1. A training method for a self-supervised training predictor for speech separation, comprising: Respectively extracting self-supervision training characteristics of each single sound source voice by using a pre-training model; Extracting shallow features for voice representation and deep features for context information from the self-supervision training features, and determining the shallow features and the deep features of each single sound source voice as training labels of a self-supervision training predictor, wherein the shallow features are extracted based on a time domain convolutional neural network model, and the deep features are extracted based on a transducer; Inputting training mixed voice generated by each single sound source voice into the self-supervision training predictor to obtain estimation characteristics of each single sound source voice, wherein the self-supervision training predictor comprises a time domain convolution neural network for extracting time domain voice signals and a two-way circulation neural network for context modeling; and training the self-supervision training predictor based on the estimated characteristics of each single sound source voice and the loss function determined by the training label corresponding to each single sound source voice to obtain a trained self-supervision training predictor, wherein the loss function is a mean square error loss function so as to perform displacement invariance training on the self-supervision training predictor.
2. The method of claim 1, wherein the pre-training model comprises a Wav2vec unsupervised pre-training model.
3. The method of claim 1, wherein after deriving the trained self-supervising training predictor, the method further comprises: Inputting the received mixed voice containing a plurality of speakers into a voice separation model, wherein the voice separation comprises an encoder, a voice separator and a decoder; The encoder encodes the mixed voice to obtain a mixed voice deep feature, determines a self-supervision training estimation feature of each speaker in the mixed voice by utilizing the self-supervision training predictor, and determines a fusion feature based on the self-supervision training estimation feature of each speaker and the mixed voice deep feature; the voice separator determines the feature code of each speaker in the fusion features; the decoder decodes the feature codes to obtain separate voices of each speaker in the mixed voice.
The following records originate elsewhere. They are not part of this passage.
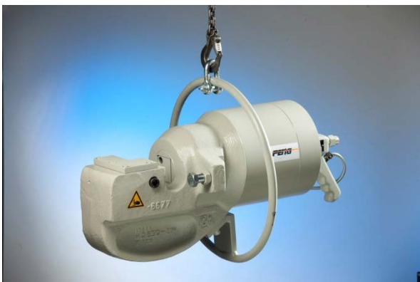
Abb. ähnlich / similar to photo
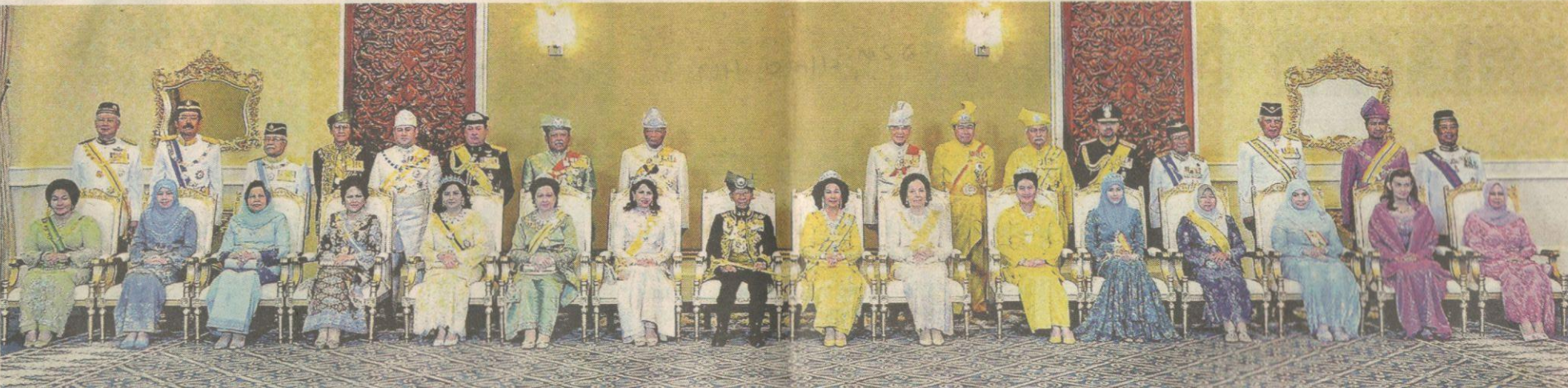
YANG di-Pertuan Agong Tuanku Abdul Halim Mu'adzam Shah dan Raja Permaisuri Agong Tuanku Hajah Haminah berkenan bergambar kenangan bersama Raja-Raja Melayu dan Permaisuri masing-masing, wakil-wakil Raja-Raja Melayu, Gabenor-Gabenor, Yang Di-Pertuan-Yang Di-Pertua Negeri, Perdana Menteri dan isteri serta Timbalan Perdana Menteri dan isteri sempena Istiadat Pertabalan Yang di-Pertuan Agong Ke-14 di Istana Negara, Jalan Duta, semalam.
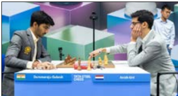
Con piezas Blancas Anish Giri en acción

El holandés Anish Giri se impuso en el grupo de maestros de la 85ª edición del Torneo Tata Steel Chess disputado en Wijk aan Zee, Países Bajos, del 14 al 29 de enero pasados, consiguió su primera victoria en el grupo principal de modo notable, invicto, con 8½ puntos sobre 13, venciendo en el camino al N.º 1 Magnus Carlsen y al N.º 2 del mundo, el chino Ding Liren. Giri destacó que este ha sido su "mejor resultado hasta ahora", y añadió que "es muy difícil tener un resultado mejor si exceptuamos el Campeonato del Mundo". Giri comentó que su meta para 2023 es el ajedrez clásico y clasificarse para el próximo torneo de Candidatos.
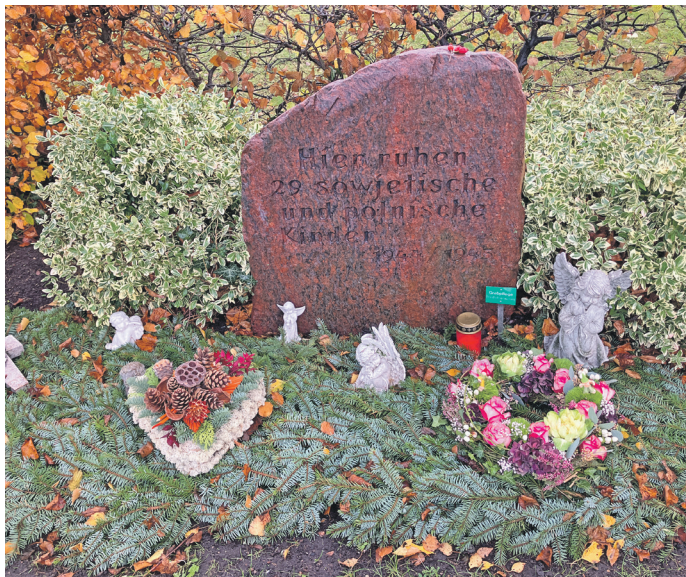
Grabstein auf dem Lensahner Friedhof

Kinder von Zwangsarbeiterinnen galten im nationalsozialistischen Deutschland als unerwünscht. Wurden Frauen trotz ihrer ohnehin prekären Lebensumstände schwanger, wurden viele von ihnen zu Abtreibungen genötigt. Andere mussten ihre Neugeborenen in
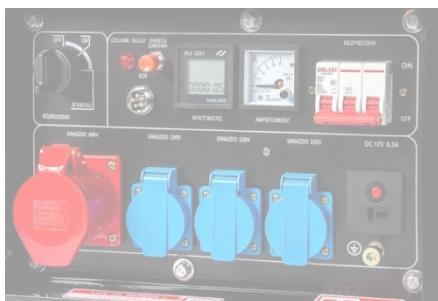
Proton 3 (seria Plus, seria Oasis)
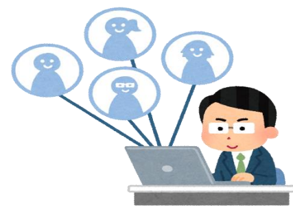
不特定多数を意識する

一度インターネットに載せてしまったら、半永久的に残って思わぬところに拡散してしまいます。「因果応報」という言葉がありますが、誰かを攻撃した言葉は巡り巡って自分に返ってくるかもしれません。匿名だから、ネットだからではなく、だからこそ他人を尊重する気持ちや礼儀、マナーが問われていることを肝に銘じるべきです。
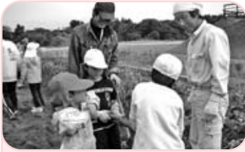
長いおいもだったので、手伝ってもらってやっとほれました。
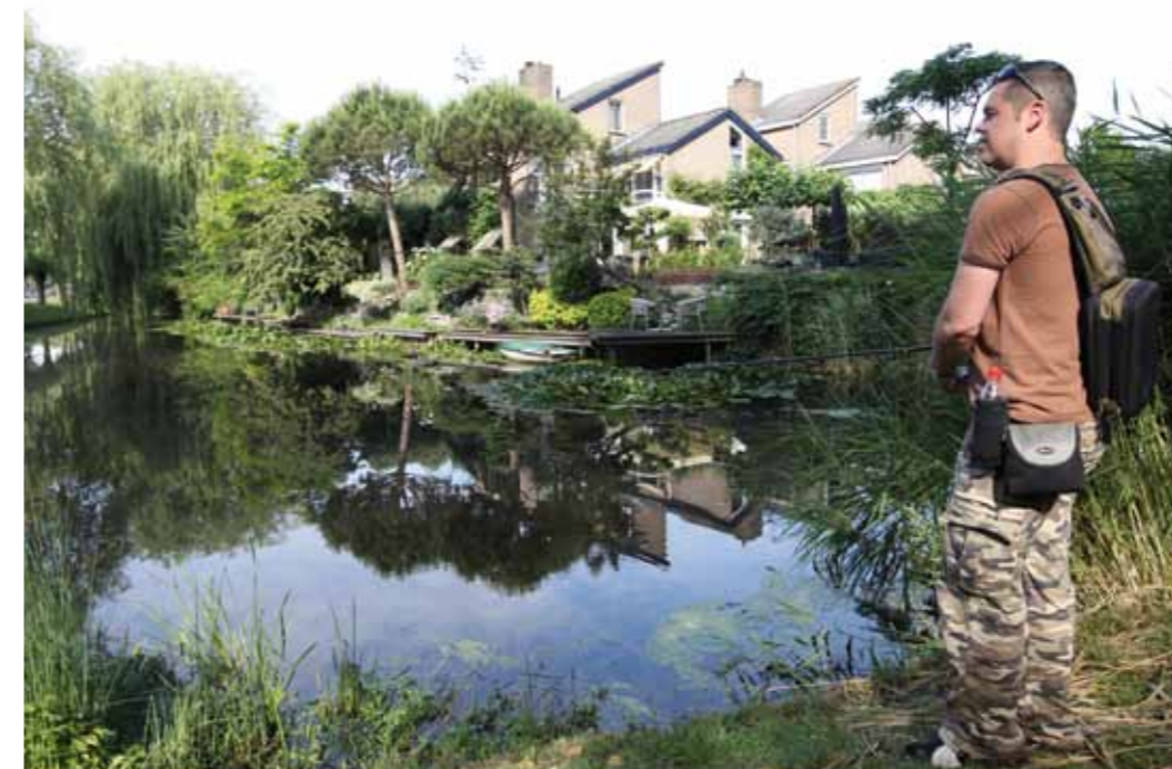
Licht bepakt en mobiel is het credo bij het vissen in stadswateren.

TEKST CARL GREVE
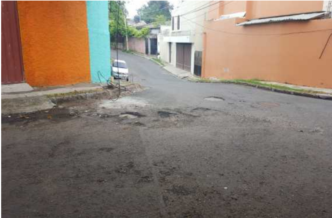
TRAMO EN MAL ESTADO EN COL. MIRAMONTES
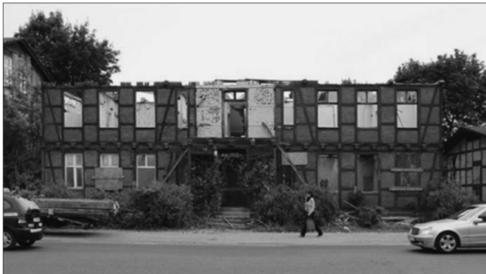
Il. 4. TORUŃ, budynek przy ul. Szosa Chełmińska 71, udokumentowany w trakcie rozbiórki.
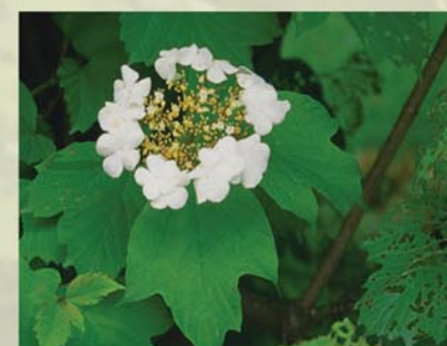
Gewöhnlicher Schneeball Viburnum opulus ↑ 2 (-4) m, ☀ V weiß, 🍒 leicht †, 🐝 ✂️ schöne Blüte, rötliches Herbstlaub, leuchtend rote Früchte
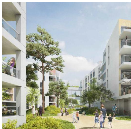
Vue du sillon
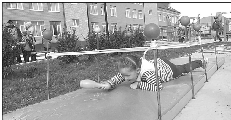
«Боец» отряда уверенно ползёт под «колючей проволокой» с добытым снарядом!

Ветераны-пограничники проводят военно-патриотическую игру для детсадовцев
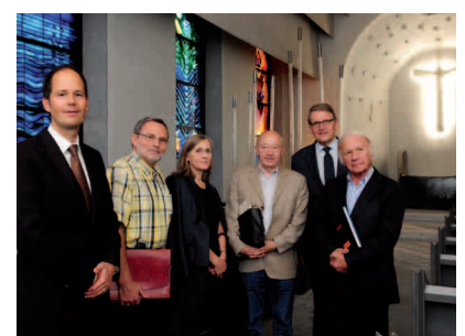
▲ Der Förderkreis der Mack-Kapelle mit Professor Heinz Mack (rechts im Bild).
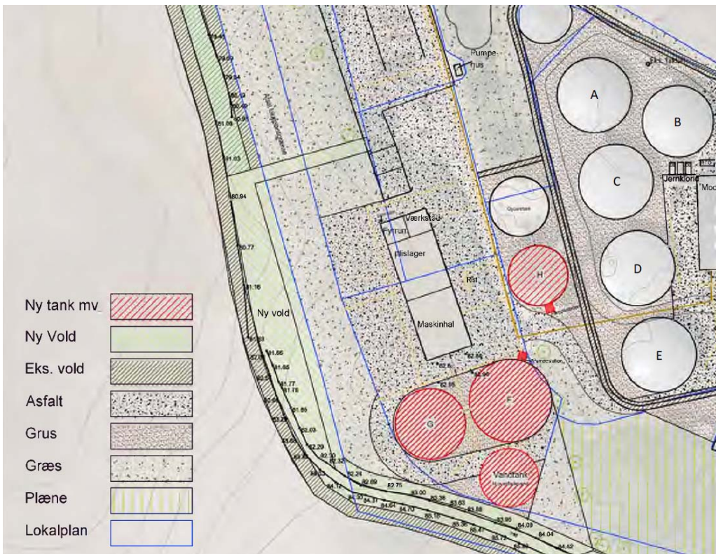
Situationsplan for placering af de nye tanke F,G,H og vandtank.

De to lagertanke |F| og |G| placeres umiddelbart syd for maskinhallen. Det fysiske udtryk af tankene vil være i lighed med de eksisterende tanke, i højde, omfang og farve. Tankene er i beton og udvendigt beklædt med en plade i farven antricitgrå (Ral 7016). Tankene overdækkes med en kegleformet grå dug (Ral 7037). Spidsen af dugen bliver

4. A training system for a self-supervising training predictor for speech separation, comprising: the feature extraction program module is used for respectively extracting self-supervision training features of the single sound source voices by utilizing the pre-training model; The training label determining program module is used for extracting shallow characteristics for voice representation and deep characteristics for context information in the self-supervision training characteristics, and determining the shallow characteristics and the deep characteristics of each single sound source voice as training labels of a self-supervision training predictor, wherein the shallow characteristics are extracted based on a time domain convolutional neural network model, and the deep characteristics are extracted based on a transducer; The estimated characteristic determining program module is used for inputting training mixed voice generated by each single sound source voice into the self-supervision training predictor to obtain estimated characteristics of each single sound source voice, wherein the self-supervision training predictor comprises a time domain convolutional neural network for extracting time domain voice signals and a two-way cyclic neural network for context modeling; And the training program module is used for training the self-supervision training predictor based on the estimated characteristics of each single sound source voice and the loss function determined by the training label corresponding to each single sound source voice to obtain a trained self-supervision training predictor, wherein the loss function is a mean square error loss function so as to perform displacement invariance training on the self-supervision training predictor.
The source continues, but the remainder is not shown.